Cette journée de séminaire engagée est ouverte et n’exige pas nécessairement de votre part la présentation de résultats de recherches. Elle prendra la forme, en matinée, d’une série de trois ateliers liés aux trois facettes de nos taches professorales. Puis, en après-midi, nous aborderons les enjeux d’une mobilisation collective afin de faire valoir des principes et pratiques cohérents avec un horizon partagé d’innovation sociale et de transformation sociale.

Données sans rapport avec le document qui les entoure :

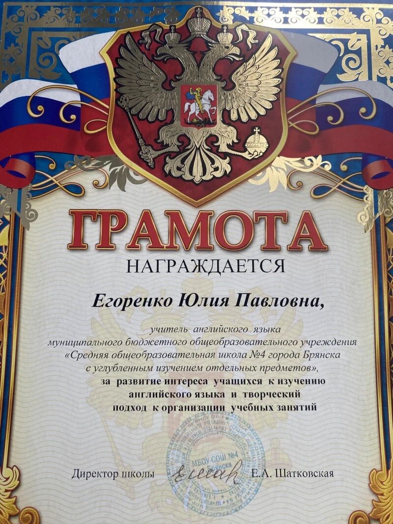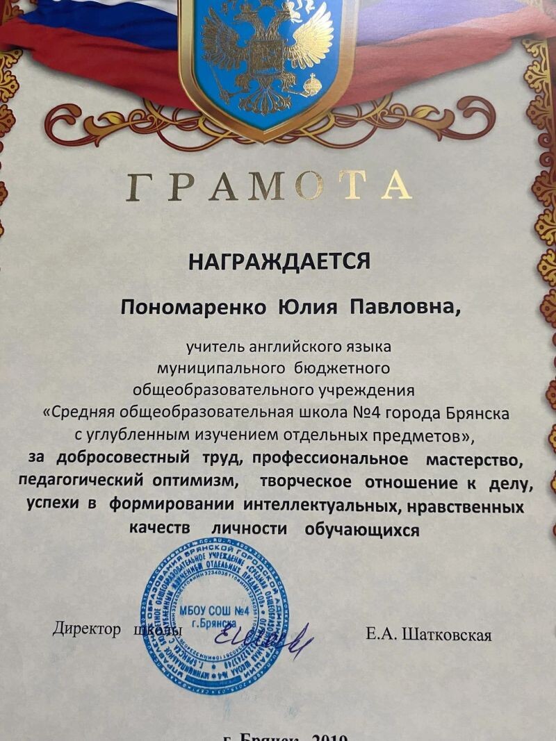 - МБОУ СОШ № 4, грамота, 2010 г.

Depuis quelques années, des voix se font entendre qui critiquent la nature aliénante et exclusive du milieu universitaire. De multiples pressions institutionnelles vont à l’encontre des aspirations qui auront poussé bien des chercheur·e·s engagé·e·s à entreprendre une carrière universitaire. Comme le décrivait Craig Calhoun, ancien président du Conseil de recherches en sciences sociales des États-Unis, le milieu académique demeure des plus hiérarchisés. Les professeur·e·s se voient classé.e.s selon différents rangs, les professeur·e·s adjoint·e·s tentent de sécuriser un poste permanent et une portion grandissante de diplômé·e·s sans poste permanent vivent dans une compétition constante afin d’être considérés pour une embauche, une charge de cours ou un contrat de recherche. Les universités sont comparées en fonction de leur prestige de recherche au sein de classements nationaux et globaux. L’excellence y est réduite à un certain nombre de variables poussant vers l’uniformisation des modèles universitaires. Ceci discipline les universités et les départements dans l’embauche des professeur·e·s, dans l’allocation des ressources et le type de travail qui y est valorisé. Ces pressions nous enferment dans une logique de compétition et vont à l’encontre des appels répétés en faveur d’une vision de l’université humaniste qui marque une différence pour la société et qui s’imbrique aux enjeux de justice sociale. Pour toutes ces raisons, l’invitation de Chandra T. Mohanty à transformer fondamentalement notre pratique institutionnelle nous semble de grande actualité.

Une première facette touche aux diverses expérimentations en recherche visant à renouer avec l’engagement social. Il demeure évident que les ressources et privilèges à notre disposition ont un potentiel énorme de soutien envers les organisations sociales. Par contre, il appert que la quotidienneté de notre pratique universitaire nous amène à négliger les espaces de convergence et de collaboration. Le temps manque pour tout; pour les cours, les comités, la supervision, les demandes de subventions, la recherche, etc. Pour plusieurs, la tension entre ressources et temps disponibles limite le potentiel transformateur des projets menés. En effet, les approches collaboratives, participatives et de recherche-action sont extrêmement élaborées dans leurs diverses déclinaisons théoriques et méthodologiques mais serait-il juste d’affirmer qu’elles demeurent, à ce jour, peu influentes en réalité pour marquer un changement important des pratiques quotidiennes des professeur·e·s de nos institutions? Comment défendre l’autonomie professorale, par exemple vis-à-vis de pressions politiques ou économiques, tout en promouvant une recherche collaborative porteuse de davantage de justice épistémique ? Au-delà de la coconstrution des connaissances, quelle contribution à la coproduction de l’action collective ?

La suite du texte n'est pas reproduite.